Assess how a court decision changed the relationship between management and employees in a case, and in unionized organizations overall.
Competency 6: Communicate clearly, accurately, and professionally in the HR field.
Support main points, assertions, arguments, conclusions, or recommendations with relevant and credible evidence.
Apply APA style and formatting to scholarly writing.
Resources
NLRA History
Read the course file, Legal Background: Labor Unions (Attached), for a basic understanding of the topic for this assessment. This background information is intended to support your learning like a section of a textbook.
Working with Unions
Labor Laws and Cases
National Labor Relations Act of 1935 (Wagner Act).

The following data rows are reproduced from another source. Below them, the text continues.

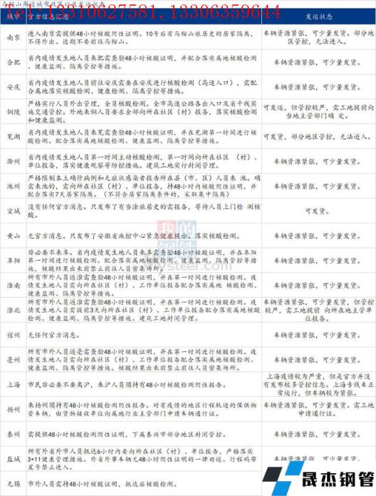 目前,钢晨库(马鞍山钢晨钢铁物流园有限公司)资源基本可以正常提货、发货,且日发货量基本恢复,目前仓库现有厚壁无缝钢管库存20万吨左右,涉及建筑厚壁无缝钢管、热轧板卷、冷轧板卷、型钢,今日累计发货量基本达到7000吨。据了解,目前仓库依旧在整合货运资源,并要求汽运司机每日核酸检测,以达到发货正常。长江钢铁厂发汽运资源暂未恢复,火车运输正常发货,后续情况会持续关注。
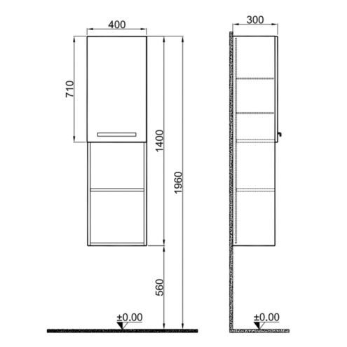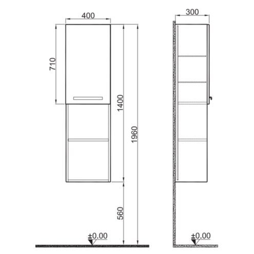 Kale Casilla 40 cm Mat Vizon Sepetsiz Boy Dolabı
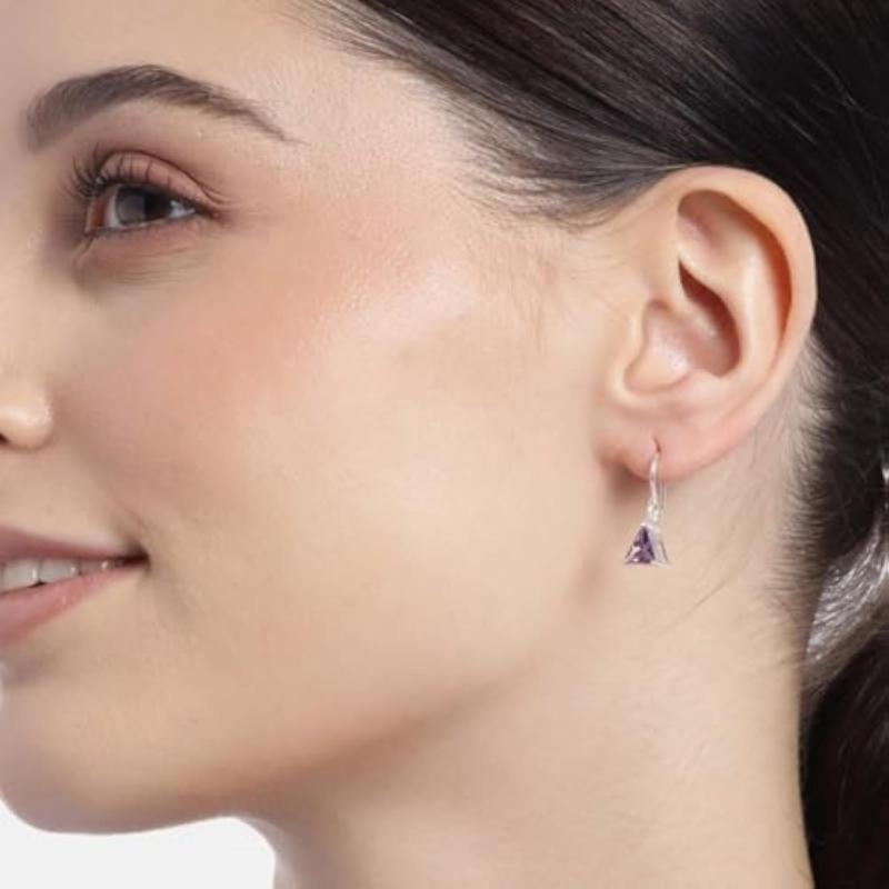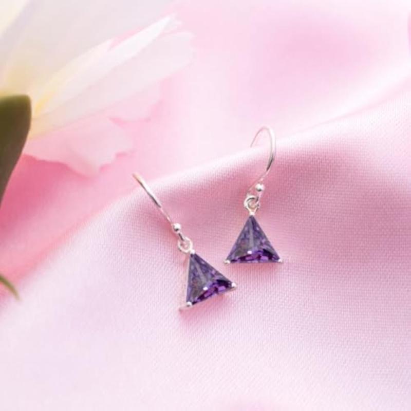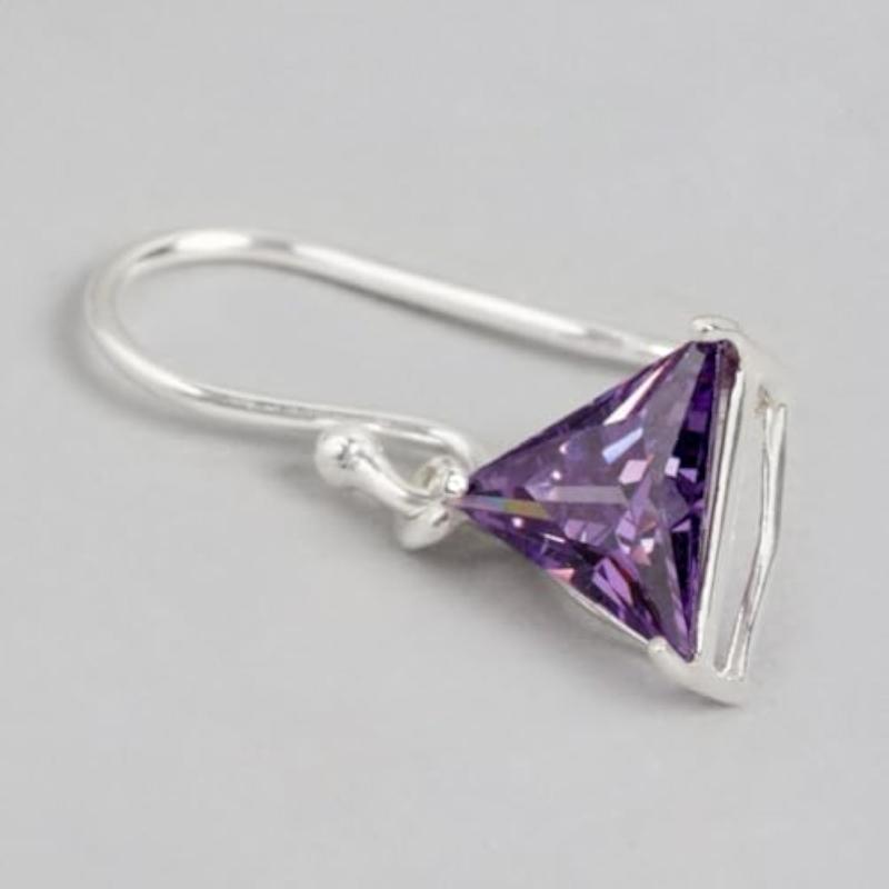 925 Sterling Silver Purple CZ Dangler Earrings
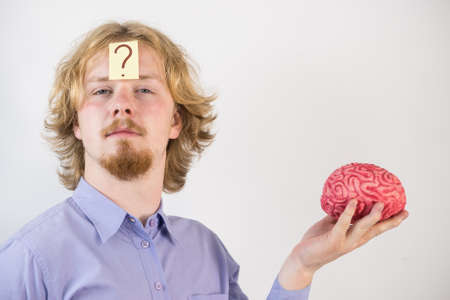 Young guy playing with human brain model. Man discovering innovation and thinking having question mark on his head.
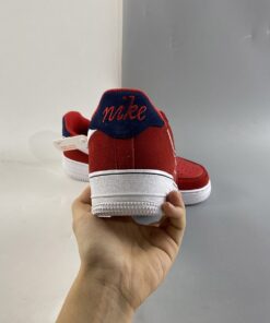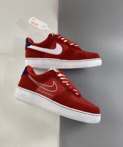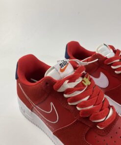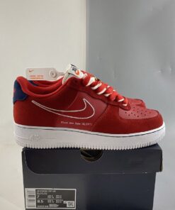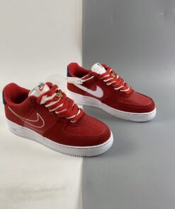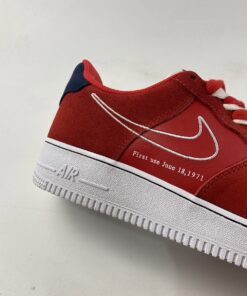 For instance, the lace unit makes use of not one but two strings, mixing together shades of white and deep red. Over top, gilded accessories help commemorate the new design in a way not like your ordinary dubrae. Suede overlays and leather bases furnish the rest of the upper, representing half of the aforementioned pairing. The tongue, logos, and midsole dress to its opposite, each — e.g. the thin, outlined Swoosh, “First use…” text, and vintage-inspired woven label — rather contrasted against the smooth and rough textures. Navy heel tabs and elegant embroidery, then, round off the colorway with some USA spirit.
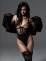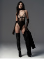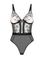 The Provocative Obsessive Exquisite Vila Blanes bodysuit is a ravishing piece of women's lingerie that combines sheer mesh with a nude-skin effect. This black bodysuit features intricate floral embroidery and bold front lacing for a confident, elegant look. The high-stretch fabric molds to your body, making this black lingerie piece a versatile choice for special evenings.
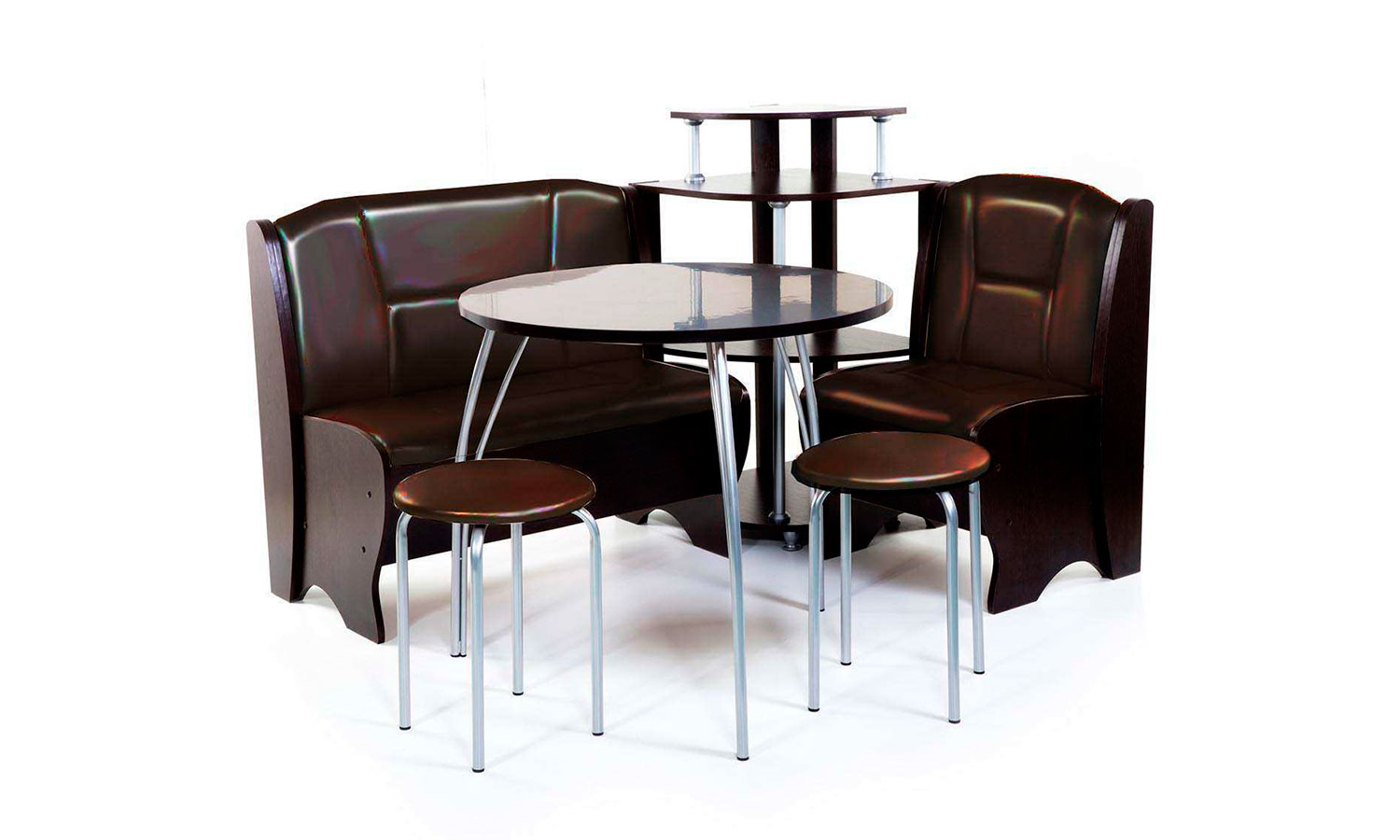 Кухонный набор Лотос - это уют, комфорт и красота Вашей кухни. Набор включает уголок с мягкими сиденьями и спинками, стол и два табурета.
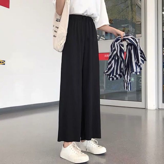 Quần Ống Rộng Đũi Lụa Mềm Màu Đen Của Nữ
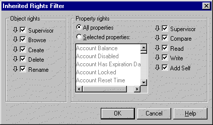 Both object rights and property rights can be filtered. The rights that this affects are those that are inherited from upper level containers. When a right is explicitly granted, even though the IRF blocks that right, the object still has that right. For example, when setting up a container administrator, you may want to filter out upper-level administrators. The container administrator would make sure to have explicit supervisor rights to the container and then set up an IRF for that container with the Supervisor rights check box cleared. Although the IRF does not allow the Supervisor right, the container administrator has an explicit trustee assignment and maintains Supervisor capabilities.
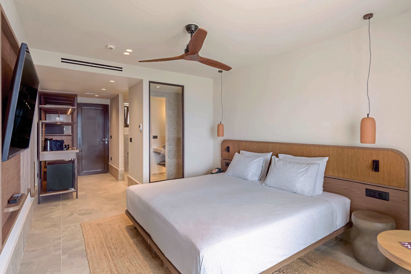 - 31-35 qm, Doppel, Superior, Meerblick, Sofabett, Regendusche, Bademantel, Badeslipper, Haartrockner, Klimaanlage, Minibar, Auffüllung täglich, Safe, Bügeleisen, Yogamatte, TV (Sat-TV, Smart-TV), Espressomaschine, Balkon oder Terrasse, Kopfkissen-Menü, hochwertige Badartikel, bei Ankunft im Zimmer Wasser
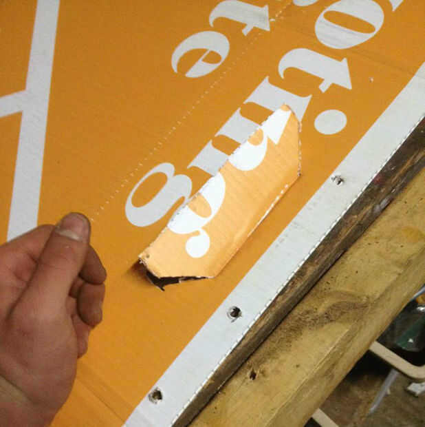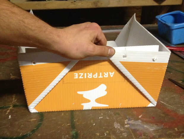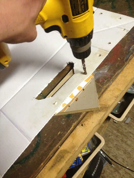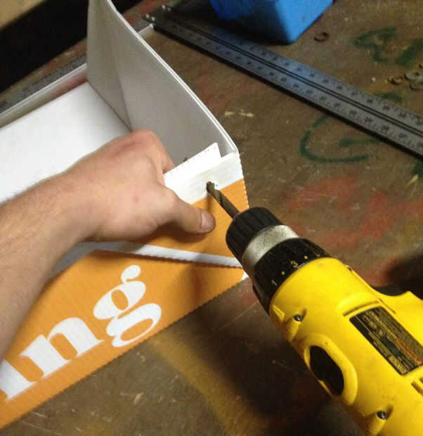 2. Perfore 4 orificios de 3/4 de pulgada hacia abajo desde la parte superior de cada lado, espaciarlos dos agujeros son en cada triángulo en la esquina.
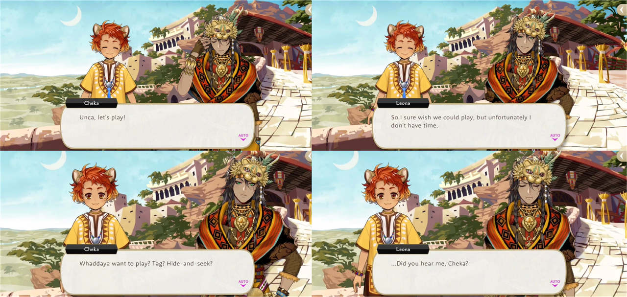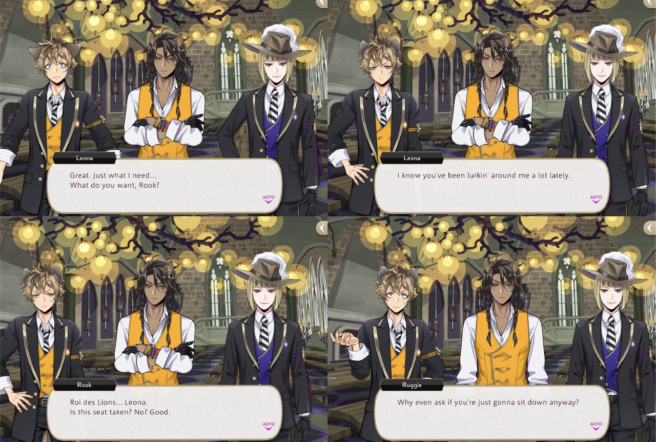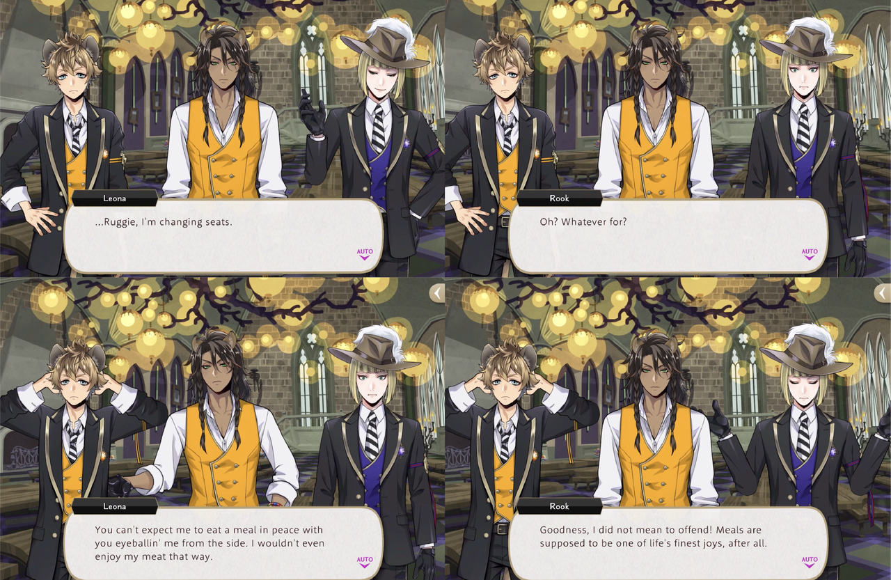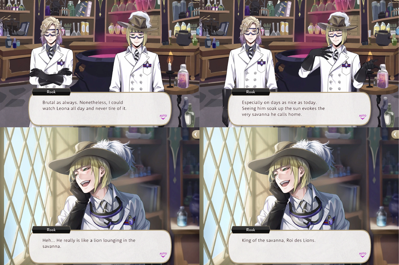 Leona will refer to Rook as a “weirdo” and “creepy,” and we get an idea maybe of why in a vignette where we see Rook hiding behind a pillar to watch Leona in the school’s courtyard (Rook: “If those sharp fangs of his pierced my windpipe, why, l’d be done for in an instant. The very notion makes my heart quiver”).

The Wagner Act helped address the causes of labor disputes and the obstruction of interstate and foreign commerce. Also, this act created the National Labor Relations Board.
National Labor Relations Board v. General Motors Corp., 373 U.S. 734 (1963).
The focus of this case was to curb the notion of a closed shop.
Labor Management Relations Act of 1947 (Taft-Hartley Act).
Amended the National Labor Relations Act of 1935 to provide additional facilities for the mediation of labor disputes affecting commerce, to equalize legal responsibilities of labor organizations and employers.
Labor-Management Reporting and Disclosure Act of 1959 (Landrum-Griffith Act).
This act provides for the reporting and disclosure of certain financial transactions and administrative practices of labor organizations and employers to prevent abuses as well as provide standards for the election of officers to labor organizations.
Unions
Herbert, W. A. (2019). Janus v AFSCME, Council 31: Judges will haunt you in the second gilded age. Relations Industrielles, 74(1), 162–173.
This article outlines out the case made serious changes for rules on public sector unions and open, closed, union, and agency shops.
National Labor Relations Board. (n.d.). Employer/union rights and obligations. Retrieved from https://www.nlrb.gov/rights-we-protect/rights/employer-union-rights-and-obligations
Web page with current descriptions of the rights and obligations of employers and unions.